Keith is judging these interactions from the side-lines, perched on the edge of the sofa-pit. Everyone is acting so… _domestic_ that it almost makes him uncomfortable. It’s not that isn’t great the team are finally getting along with a common goal in mind and everything, but they’ve slipped so quickly into a family dynamic that Keith doesn’t really know where he slots in. It’s not like he’s ever had a real family before. Navigating people is harder than navigating through an asteroid belt.

 

Suddenly disrupting his thoughts, Lance flicks a speck of goo at Keith’s cheek.  This goes largely unnoticed by the others as they chat amongst themselves about the princess’ state of health or something.

 

“’Morning, handsome,” Lance mouths in his direction.

 

And on the subject of people: Lance has been a very confusing person to be around lately. Their relationship has strengthened considerably recently, and they actually make a nicely balanced team when it comes down to it, but it seems like Lance can never quite drop that irritating tendency to attention-seek at every possible opportunity. They still butt heads on a frequent basis, which is fuelled equally by Lance’s inability to shut up (like, ever) and Keith’s exceptionally short temper. Keith swipes the goo from his cheek and flicks it back with a scowl. That’s his problem: he always, always rises to the bait.

 

“So, what’s everyone’s plan for the day?” asks Shiro, crossing his arms and immediately commanding the attention of all present. “Just because it’s a day off doesn’t mean it can’t be productive.”
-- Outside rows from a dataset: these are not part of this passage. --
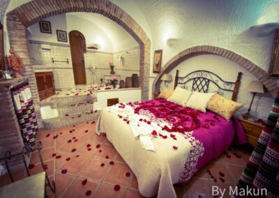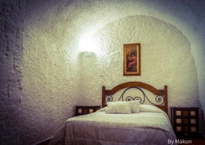 - Cinco cuevas con capacidad para 2 personas, cada una con habitación de matrimonio o doble, baño, salón, cocina, zona de barbacoa, aparcamiento, calefacción, y algunas con estufa de leña. Una de estas cuevas está especialmente diseñada para salidas románticas, incluyendo jacuzzi y chimenea de leña, además de un obsequio de cava y frutos secos para los huéspedes.
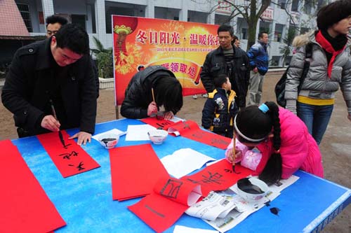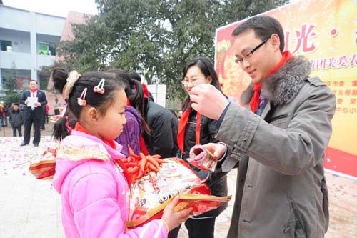 写春联、过集体生日、煮汤圆、做丢手绢游戏、跳兔子舞、送礼物……1月13日,古昌镇中心小学内笑声朗朗、热闹非凡,2011年重庆市共青团关爱农村留守儿童活动在这里拉开帷幕。不仅在寒风凛凛的冬日为农村留守儿童送去了礼物和关爱,还开展了少先队志愿辅导员代表走进中队“送关爱、送文化、送科技、送培训、送活动、送春联、送祝福”的活动。
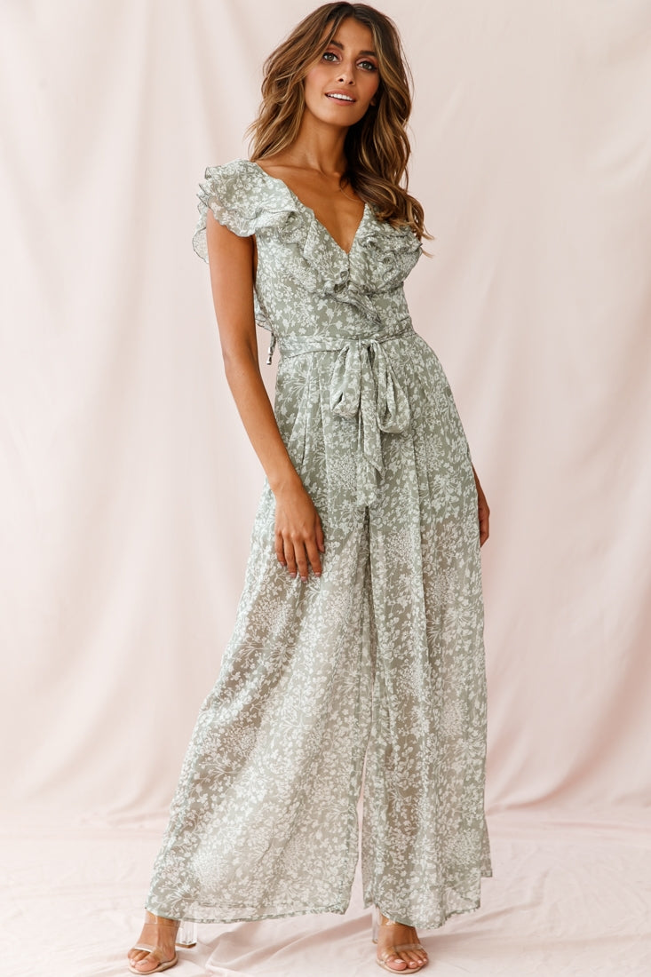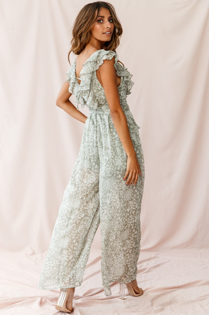 Marcia Ruffle Strap Wide Leg Jumpsuit Olive
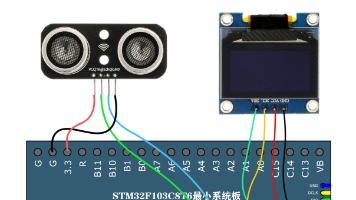 HS-SR04超声波模块是HC-SR04的优化版本,具有更高精度、更小盲区,适用于避障、测距、液位检测等场景。实验采用OLED显示屏(VCC-3.3V,SCK-B8,SDI-B9)和HS-SR04模块(Echo-GPIOB6,Trig-GPIOB5)连接STM32开发板。通过烧录配套代码(提供下载链接),可在OLED上实时显示测量距离。模块接线图和实验结果图片直观展示了硬件连接与测距效果。
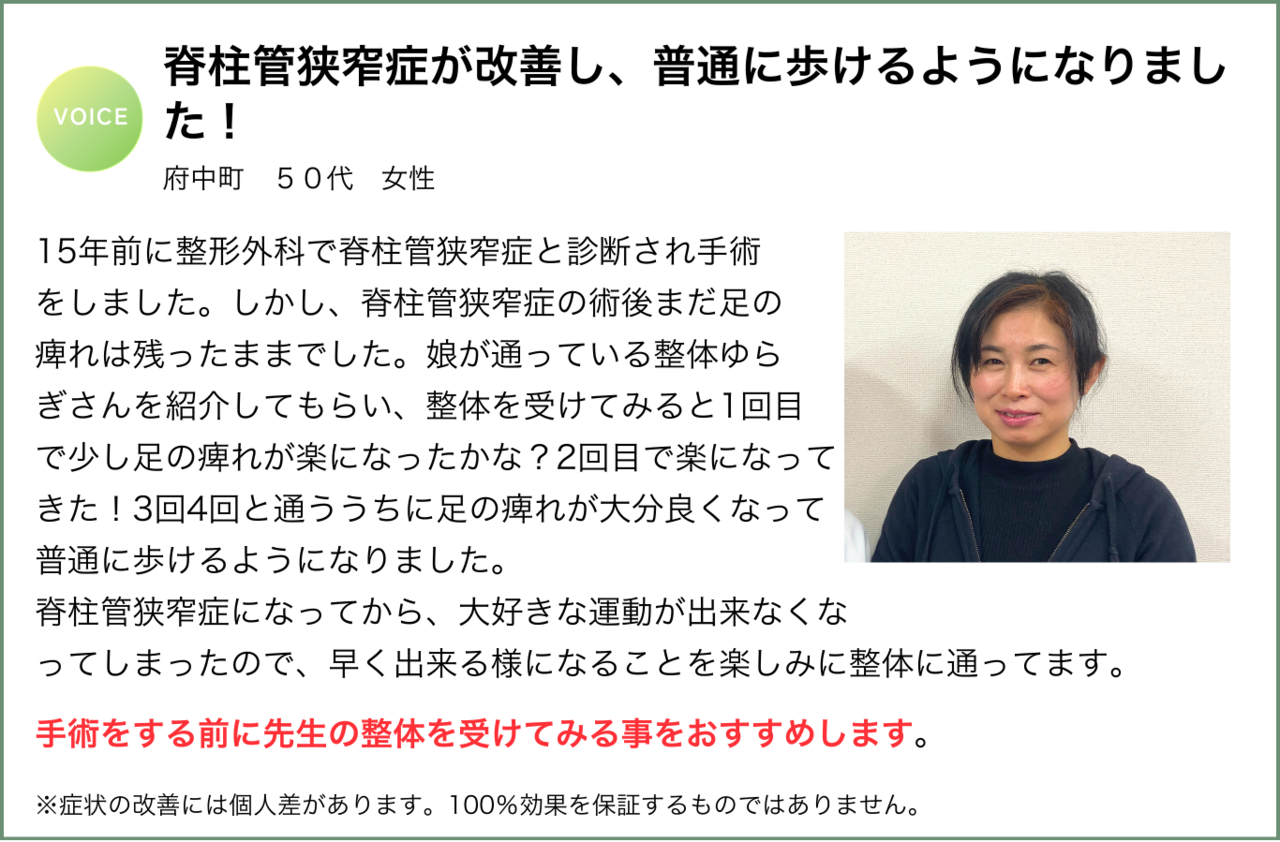 Dさん、椎間板ヘルニアを発症してから辛かったですね。施術で不眠が改善されたことはよかったです。当院の施術は症状を根本から改善していくので、徐々に体が楽になっていくことを実感していただけると思います。これからも元気な身体でいられるサポートをしますね。

Pidge shuts down her screen and grins. “Hunk and I are working on the Lions today!”

“Yeah, we’re gonna look into the relationship between Bayard technology and the individual mechanoelectrical response of Voltron’s weaponary systems.”
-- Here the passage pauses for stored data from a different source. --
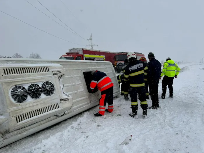 Un microbuz în care se aflau 16 persoane s-a răsturnat sâmbătă dimineața pe DN5, în zona localității Plopșoru, pe sensul de mers spre Giurgiu.
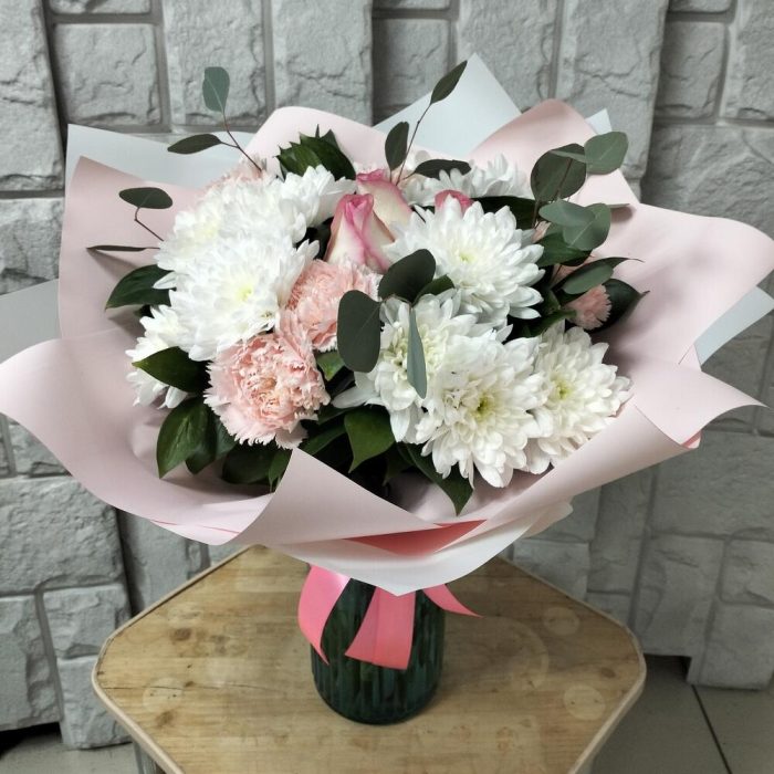 Эвкалипт Популус – 3 шт.Лента атласная – 1 шт.Хризантема кустовая белая – 3 шт.Гвоздика сортовая – 5 шт.Упаковка дизайнерская – 2 шт.Роза эквадор 50 см – 3 шт.
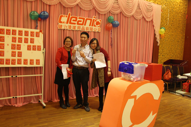 春(chūn)暖花開, 2015年健力清潔用品集團公司已於3月13日(星期五)舉行春茗活動(dòng). 當天全體公司同事聚首一堂(táng), 場麵熱鬧. 晚會中有頒獎、遊戲節目、抽獎、等精彩環節。我們在這歡聲笑語,美酒佳肴中度過(guò)了一個(gè)璀璨的晚上。
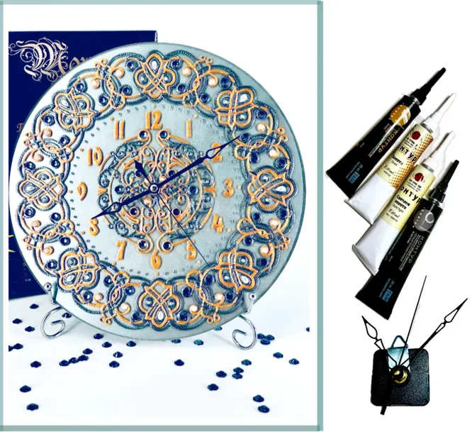 Карина: «Делала в первый раз в этой технике, но осталась очень довольна. Очень увлекает, не могла оторваться, так хотелось увидеть результат. Не скажу, что было легко, но приноровилась. Часы повесила на видное место, чтобы все гости любовались».

“The variability and specificity of the response is fascinating, really.”

“It’s cool stuff.”

 

Although appearing slightly baffled by the onslaught of information, Shiro nods in approval.

 

“Good plan. Lance?”

“I was gonna take old Blue out for a spin. Let her stretch her legs a bit, y’know?” Lance says through a mouthful of food.
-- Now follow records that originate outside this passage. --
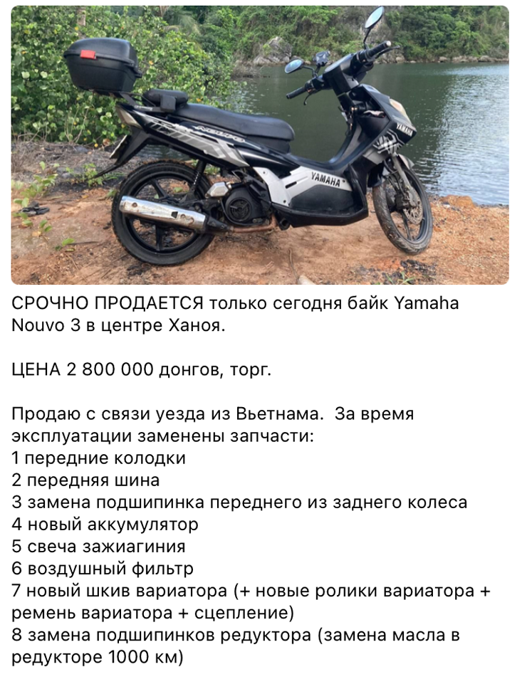 Аренда байка стоит от 150 000 VND (463 ₽) за сутки и от 800 000 VND (2 472 ₽) за месяц. Например, в Дананге я арендовала байк за 200 000 VND (618 ₽) в день, а в Ханое платила 900 000 VND (2 781 ₽) в месяц. Надежный прокат я нашла через ту же знакомую, что помогла с контактом риелтора. Также сервисы аренды можно искать самостоятельно через «Гугл-карты»: вбиваете в поиск Motorbike rental, смотрите точки поблизости и читаете отзывы. Или просите совета у местных экспатов. Например, в Нячанге аренду байков обсуждают в чате «Нячанг мото».
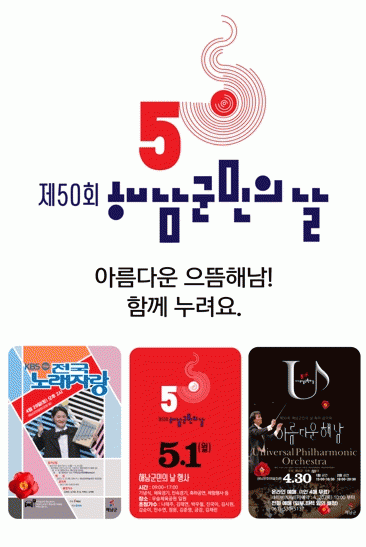 ƯÈ÷ ±º¹ÎÀÇ ³¯À» ±â³äÇØ 29ÀÏ¿¡´Â ÇØ³²±ºÃ» ±º¹Î±¤Àå¿¡¼ KBS Àü±¹³ë·¡ÀÚ¶û ³ìȰ¡ ÁøÇàµÇ¸ç, 30ÀÏ¿¡´Â ±¹³» ÃÖÁ¤»ó À¯´Ï¹ö¼³ ÇÊÇϸð´Ð ¿ÀÄɽºÆ®¶óÀÇ¡®¾Æ¸§´Ù¿î ÇØ³²¡¯ÃÊû°ø¿¬ÀÌ ÇØ³²¹®È¿¹¼úȸ°ü¿¡¼ ¿·Á »çÀü Çà»çµµ dz¼ºÇÏ°Ô ¸¶·ÃµÈ´Ù. ¿ÀÄɽºÆ®¶ó °ø¿¬¿¡´Â ÇØ³²±º¸³ÇÕâ´Ü°ú ¾î¸°ÀÌÇÕâ´ÜÀÇ Çù¿¬ÀÌ ÀÖÀ» ¿¹Á¤À¸·Î, ÃʵîÇлýµé·Î ±¸¼ºµÈ ¾î¸°ÀÌÇÕâ´ÜÀº µ¥ºß¹«´ë¸¦ ¼±º¸¿© ±º¹ÎÀÇ ³¯ ±â³äÀÇ Àǹ̸¦ ´õÇϰí ÀÖ´Ù.
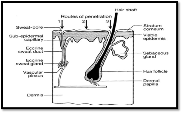 Fig 2: Simplified diagram of skin structure and macroroutes of drug penetration: (1) via the sweat ducts, (2) across the continuous stratum corneum, or (3) through the hair follicles with their associated sebaceous glands.
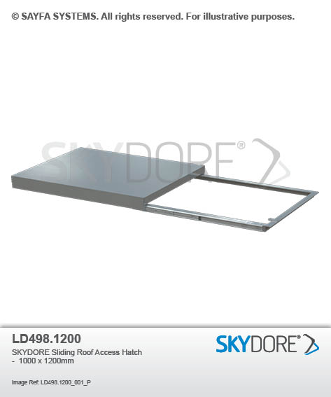 Description: SKYDORE Sliding Roof Access Hatch 1000 x 1200mm Note: Flashing excluded, select from LD498C or LD498T
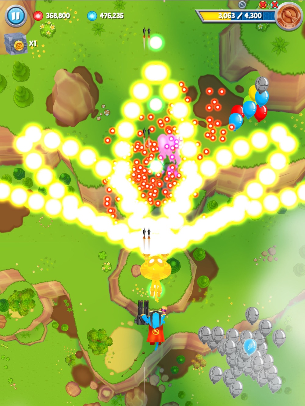 Endless legions of colorful bloons in outlandish shapes and patterns are invading Monkey Town and only Super Monkey can stop them! Equip dozens of powerful weapons, unlock never-before-seen Super Monkeys, and use dozens of screen-clearing powerups to pop every bloon and achieve a perfect diamond ranking.
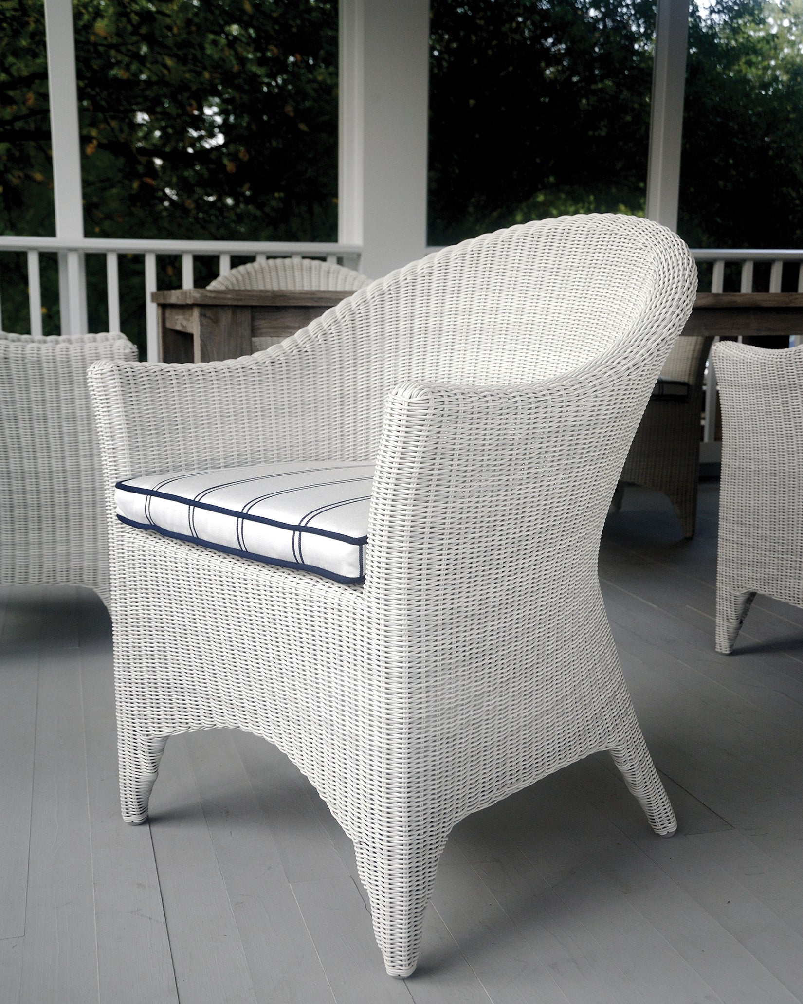 - Shown in White wicker and Topside Nautical fabric around Tuscany dining table

“Great idea. What about you, Keith?”

“I’m designing some new training sequences with Coran. I completed the old ones,” Keith says coolly.

“Good, that’s something we can all make use of.”

 

Naturally, Lance has to pipe up in order to divert the attention back to himself.

 

“Oh, my name’s Keith and I’m just so unbearably cool that I have to fight robots all day long just to maintain my emotional constipation,” Lance mocks, imitating Keith’s husky tone. Keith’s mood suddenly sours severely and he’s fully prepared to throw a punch, when Pidge snorts a laugh.

“My name’s Lance and I’m so bitterly insecure about my own shortcomings that I resort to childishly mocking my peers,” she retorts flatly in that cutting way she does. Hunk looks like he’s torn between crying for the sake of the sick burn Lance just received and snickering at its accuracy.  

 

“All right, enough,” Shiro says sternly. Controlling bored teens is like herding cats. _Lions?_

“Sorry,” mumbles Pidge. “Being cooped up is frustrating.”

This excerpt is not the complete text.